Danite - Expanding Role

Expanding Role

The Danites' role shifted from internal enforcement to external defense when the non-Mormon Missourian majority asked the Mormons to leave, at first making a request without threat of force. In coming months, hostilities between Mormons and Missourians would grow to the point that the State Militia drove most of the Mormons out of Missouri. Governor Lilburn Boggs issued Missouri Executive Order 44 on October 27, 1838, which expelled the Mormons from Missouri.

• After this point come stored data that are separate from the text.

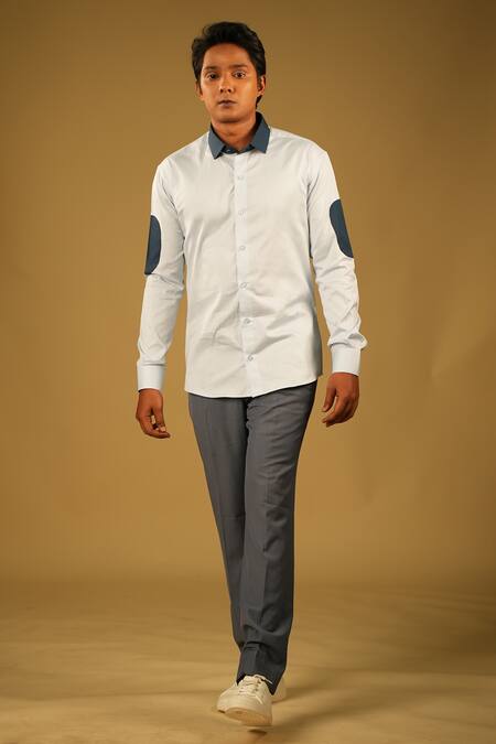 Blue shirt with contrast collar and patches on the elbow.
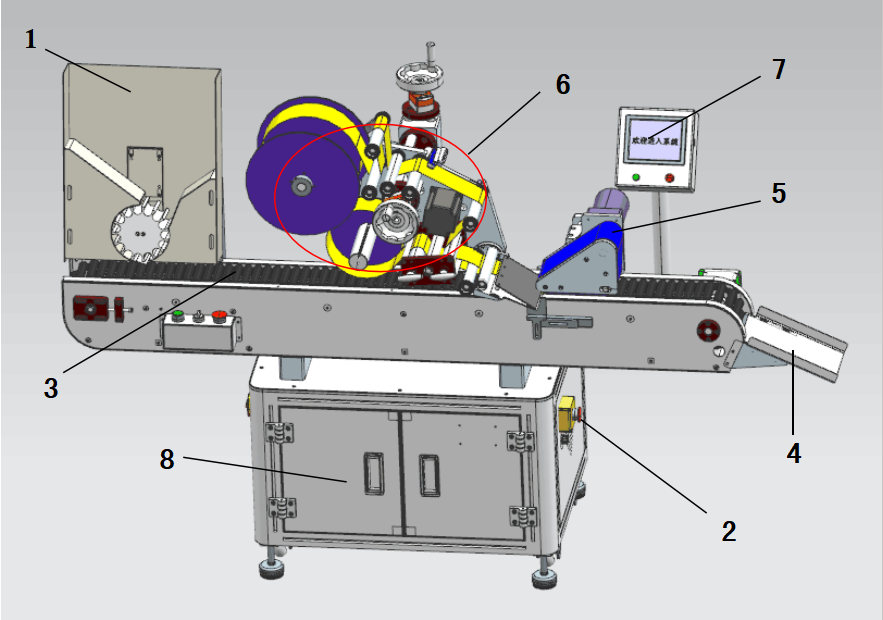 貼標機的機械結構和各部分功能,如下圖標注所示。
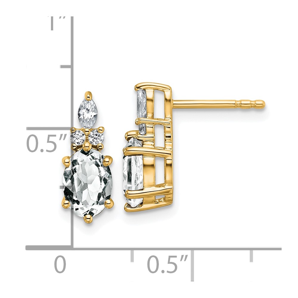 14k Diamond and 7x5 Oval April/White Topaz Post Earrings
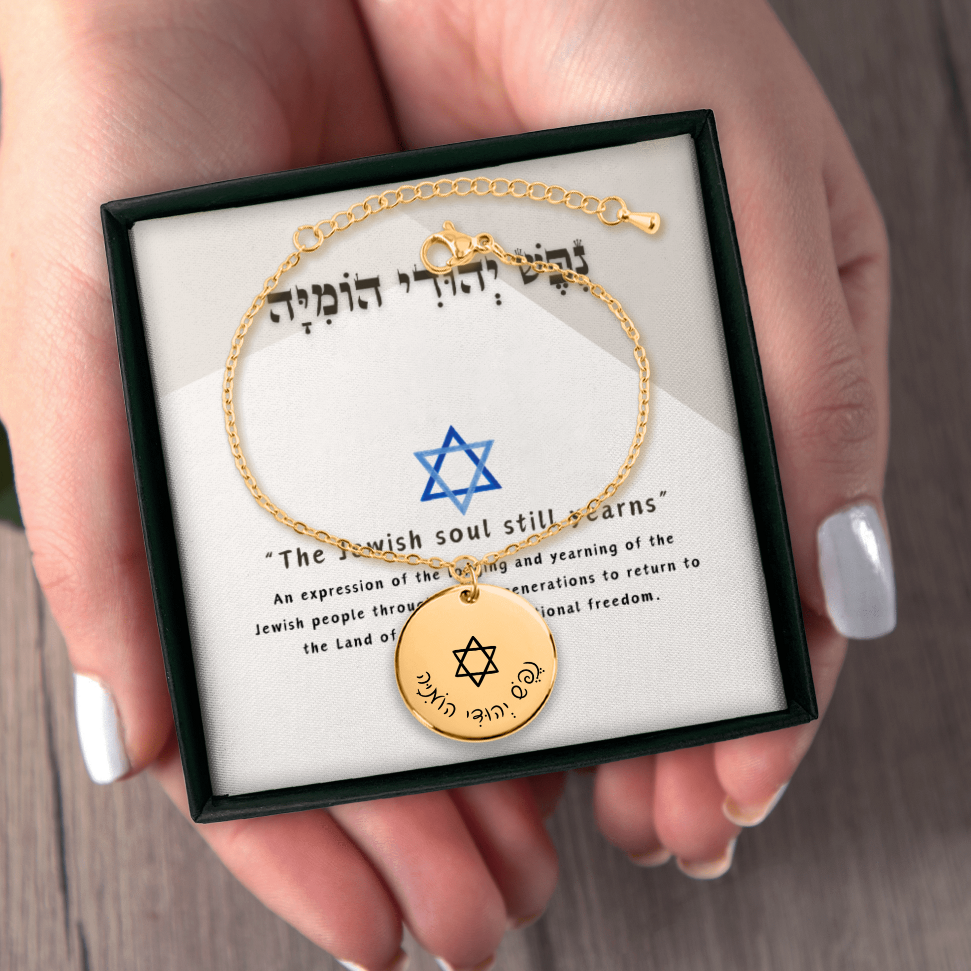 This elegant bracelet features the Hebrew phrase “Nefesh Yehudi Homiyah” (נֶפֶשׁ יְהוּדִי הוֹמִיָּה), which translates as “The Jewish soul still yearns”. Drawn from the opening lines of Hatikvah, the Israeli national anthem, these words express the deep longing and eternal hope of the Jewish people to return to the Land of Israel and live in freedom.

However, conflict developed between Smith and the Danites' leader, Sampson Avard. In Smith's account, Avard, while a new member to the Church, formed a "secret combination", an allusion to a nefarious society as discussed in the Book of Mormon. Smith further stated that Avard's pride and zeal prompted him to organize the group contrary to the will of Smith and the other leaders of the Church. According to this view, Avard illegitimately claimed to be the Lord's agent, and according to a quote Smith attributed to Avard, he wanted to profit from vigilantism by taking "spoils of the goods of ungodly Gentiles ."

Joseph Smith soon took action against Avard in the name of the church, removing him from all military duties and establishing him as a surgeon to help with the wounded; Avard mentions this demotion himself. Avard was eventually excommunicated. Smith's History of the Church states: "When a knowledge of Avard's rascality came to the Presidency of the Church, he was cut off from the Church, and every means proper used to destroy his influence, at which he was highly incensed and went about whispering his evil insinuations, but finding every effort unavailing, he again turned conspirator, and sought to make friends with the mob."

With the opposition leaders ousted and the hostilities increasing, the Danite group took on three additional primary functions, (1) enforcement of the Law of Consecration, (2) political activities, and (3) militia activities.